The first, Prototype 1, was the “Western Gunslinger” idea from last week. The prototype simply entailed a capsule “character” that could move with the left joystick of a controller and looked with the right, with controls like games such as “Overcooked”. Mechanics-wise, the player had to keep a ball in the center of a UI element that tried to pull it left and right, almost like the grinding mechanic in most Tony Hawk games. The longer the ball was in the middle, the faster the character’s gun would spin and the more damage it would do.

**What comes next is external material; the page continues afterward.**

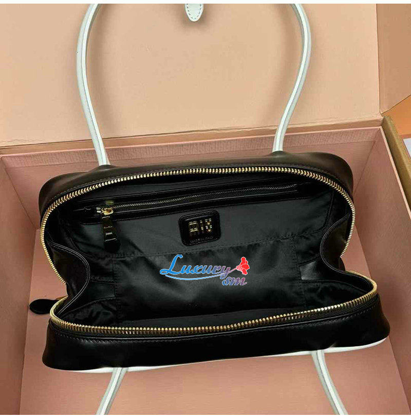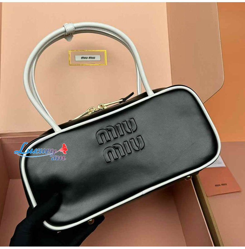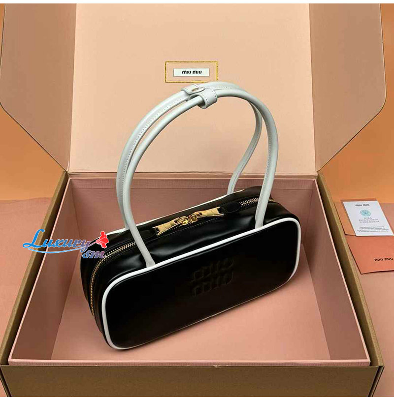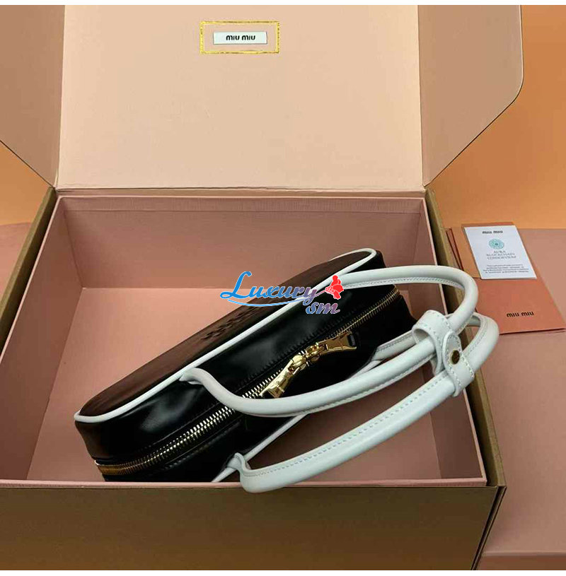 [스페셜오더]MIUMIU-5BB173 미우미우 블랙/화이트 송아지 가죽 보 백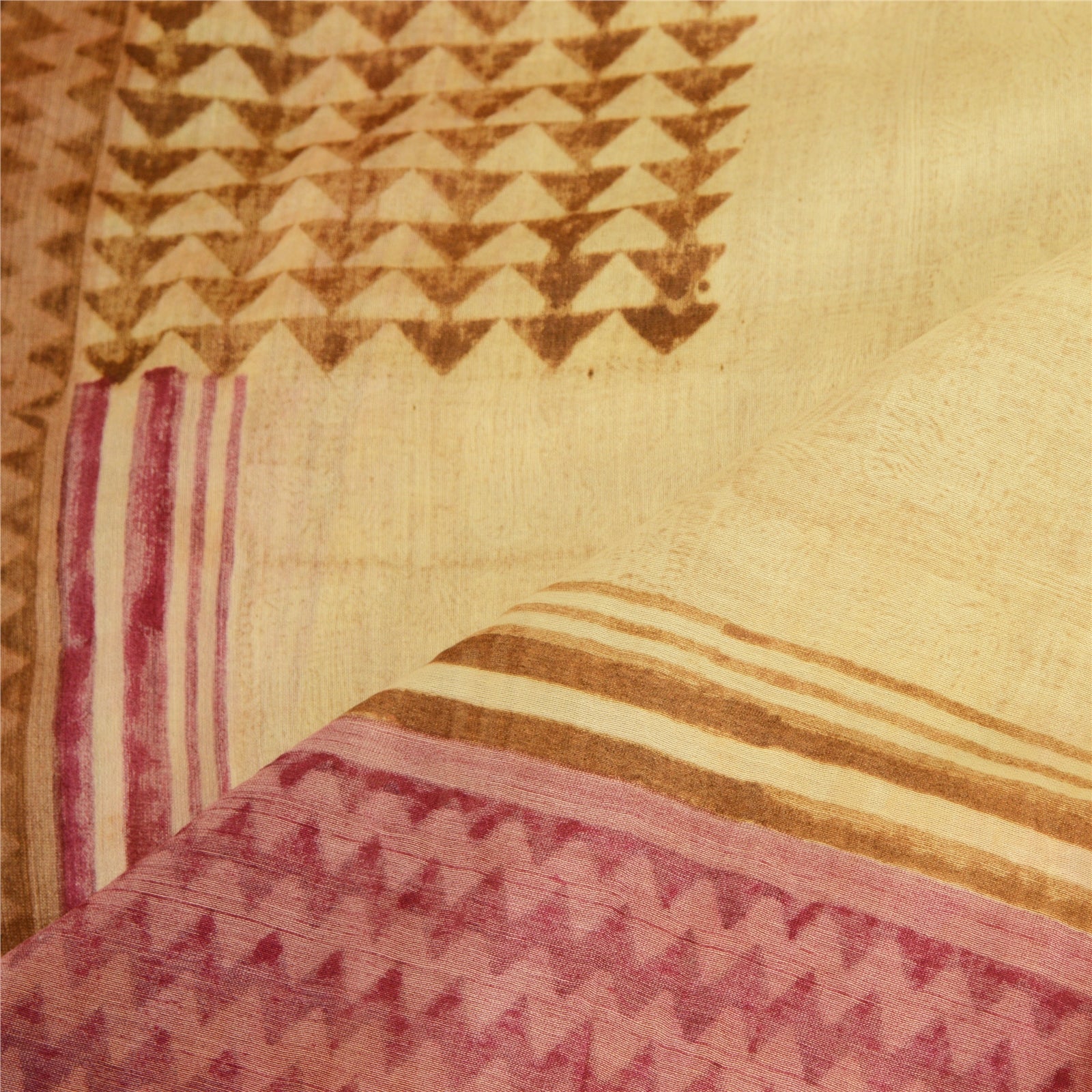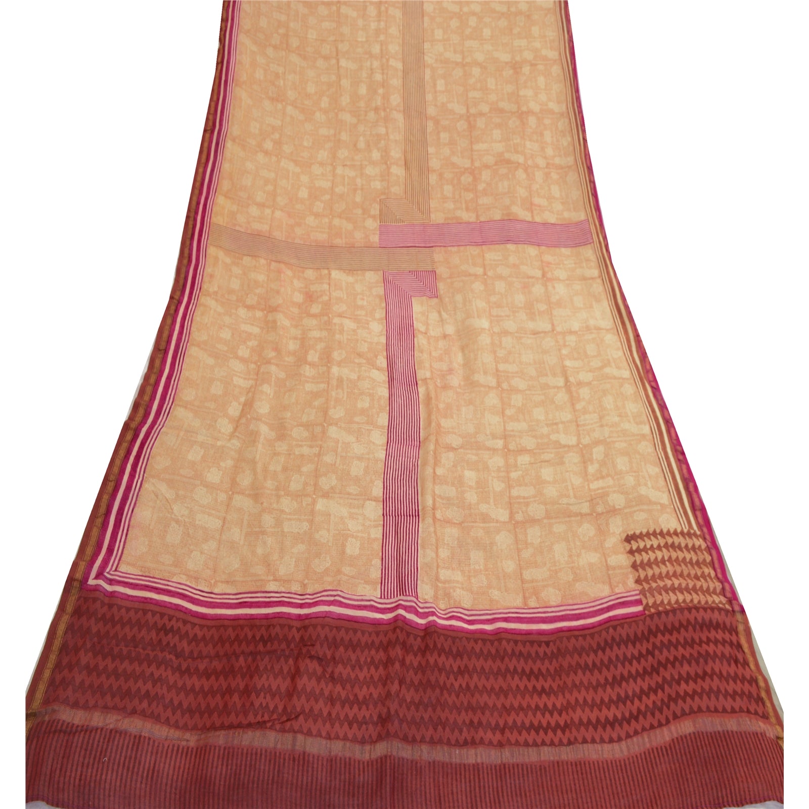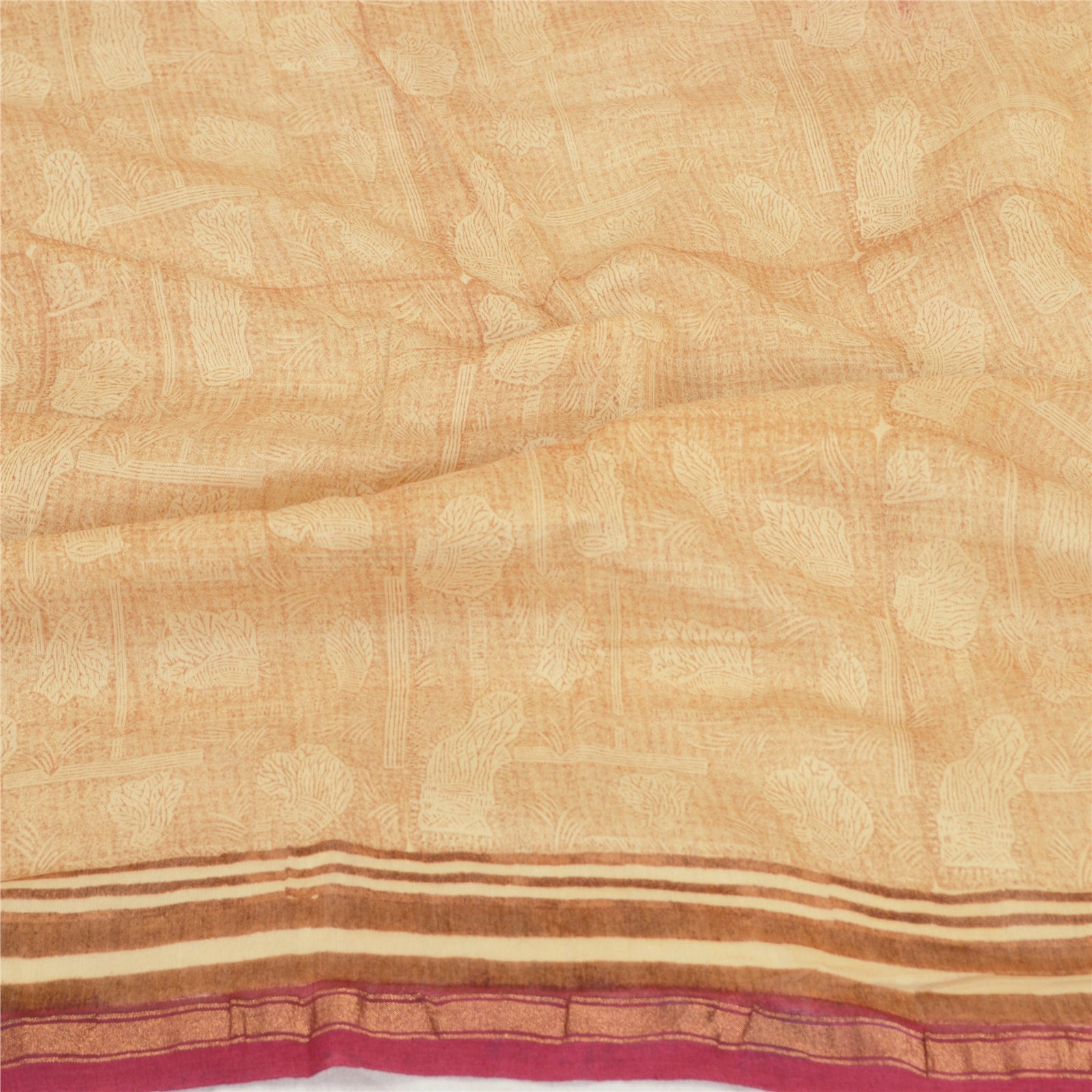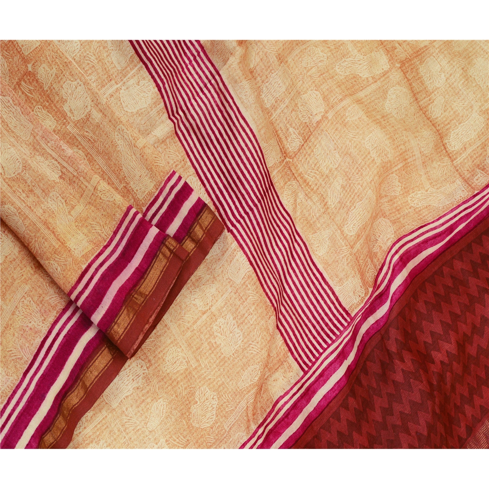 Санскрити Винтаж Кремовый/Темно-красный Длинный Палантин Дупатта Чистый Шелковый Набивной Шарф

Prototype 2 is one that I didn’t talk about last week (though it involves some of the same mechanics), but was another one of the team’s top ideas. It is a first-person shooter where the player can alter the stats and way their weapon works on the fly by picking up modifications for it; the most similar game I am familiar with is Fallout 4. We haven’t fully decided on the gameplay for this idea yet (ideas include a typical “corridor-runner” FPS or an arena-style battle) but the core mechanic of the part switching is fleshed out enough for a deeper prototype, although the one in V0.01.03 is just a static camera with a debug menu for changing the scope and barrel of the gun, and a target to see how the stats change dynamically.

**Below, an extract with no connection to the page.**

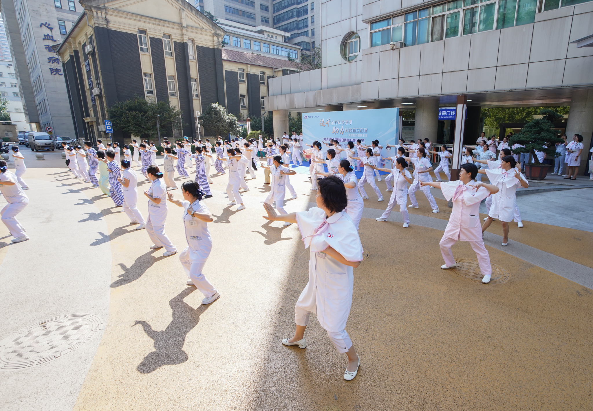 作为全国护理科普教育基地要持续加强科普能力建设,激发群众参与积极性,推动科学普及与科技创新协同发展,培厚科普土壤,夯实科普根基。心肺康复小组全体组员60余人互动患者表演八段锦,动作整齐划一,场面气势恢宏,引来众多民众驻足观看。启动仪式后,八大专科在门诊大厅联合开展健康咨询、初步诊断、疾病预防、慢病管理、营养指导等健康服务,累计服务200余人次。同时提供血压、血糖监测,穴位贴敷80余人次,实地演示心肺复苏、海姆立克急救法,门诊患者积极参与,互动交流,气氛热烈。

“Turning ‘Oh Shit’ into ‘Oh Yeah!’”

During our class midway through the week, we presented our top ideas to our professor and class. The consensus on the team was that, because of several factors, we underperformed for this presentation and that we can, and will, do better. The result of this presentation and feedback session was a total shift of our focus. We met the next day and threw out a bunch of our concepts and all of our narrative ideas, and decided to start from scratch with the core mechanic that everyone agreed was the most interesting: the dynamic weapon building.

For the next stage of Capstone, it is necessary to build 3 working gameplay prototypes (among myriad other requirements). Our original plan was to have two of them done this sprint by building off the existing prototypes, then spend a week on the third, and one week refining and building our documentation and deciding which to go forward with before challenging. After the feedback session, we dropped this plan and instead decided that we would build 3 different prototypes based on the gun-building mechanic, with secondary mechanics and gameplay goals as disparate as possible. Thus, the plan for this week became to focus on building as complete of a framework as possible for these three prototypes, without having a “deliverable” prototype at the end, so-to-speak.

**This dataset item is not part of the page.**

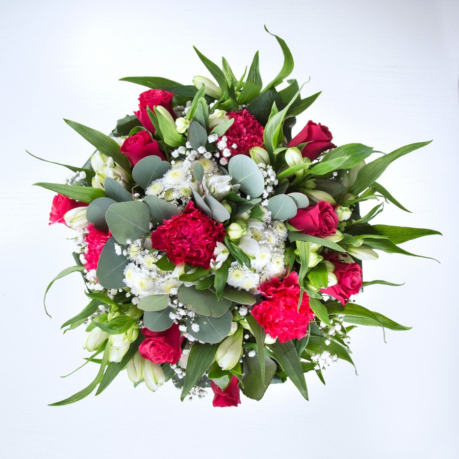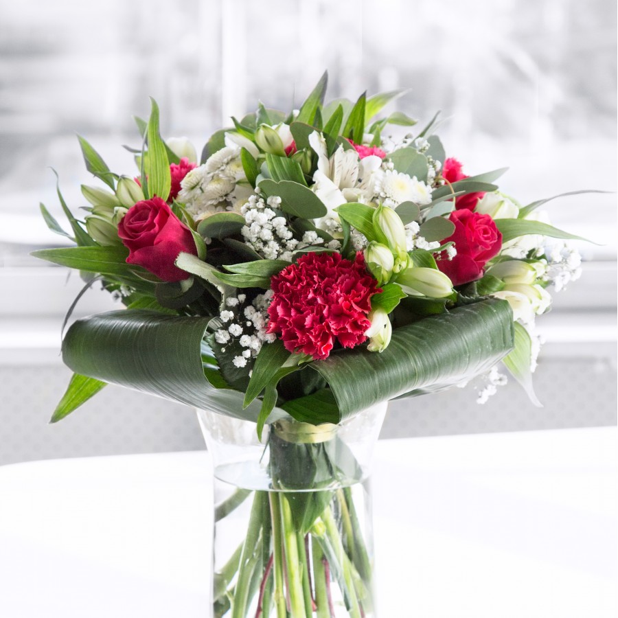 The elegant mix of red and white flowers was stunning. The bouquet arrived on time and was beautifully arranged.

Thus, this week has been focused on the following key items:

  1. All first-pass weapon parts are implemented and working.
    • Weapon parts can update and replace stats dynamically.
    • Weapon parts can be easily tweaked by the design team.
    • The “firing mechanism” can even alter the projectile fired by the weapon (hitscan, grenades, rockets, etc.)
      • Projectiles like grenades and rockets should support splash damage.
    • Weapons have a clip size, current amount in clip, and support reloading with a placeholder reloading animation.
    • Weapon parts in the environment can be “picked up” and are immediately equipped.
    • All 5 weapon variables specified by the design team are implemented and work as expected.
    • All 4 weapon part slots specified by the design team are implemented.
  2. The IWeapon interface is usable by player code and AI code without any changes.
  3. The player has a full first-person controller.
    • Aiming, walking, jumping, and crouching all work as expected by any FPS player.
    • Speeds/amounts for all the above can be easily tweaked by the design team.
    • Interact (on the “E” key) works as expected by any FPS player.
    • The player should have a HUD that displays ammo information and health information.
    • The player’s weapon has recoil and kicks up while firing.
    • The player dies and can restart when their health reaches 0.
    • The controls work for mouse/keyboard, and a PS4 controller.
  4. The placeholder target displays all damage info and is “killable” (i.e., breaks).
    • An “aggressive target” holds a gun and shoots at the player. Player takes damage.
  5. Everything that needs some sort of animation or VFX should have a placeholder item that can be swapped out later.
    • Includes UI, reload animation, gunshot effects, player damage effects, etc.
  6. An event/notification system exists for tracking player kills and deaths.

Items in bold have not yet been completed at the time of posting, but the sprint doesn’t end for another three days. This list of deliverables has been the bulk of my work this week, and it’s felt like a much better stride has been hit than the week before. I am confident that, although we got off to a rocky start, the next few sprints will go much more smoothly and the product we deliver in the end will be of an even higher quality for it.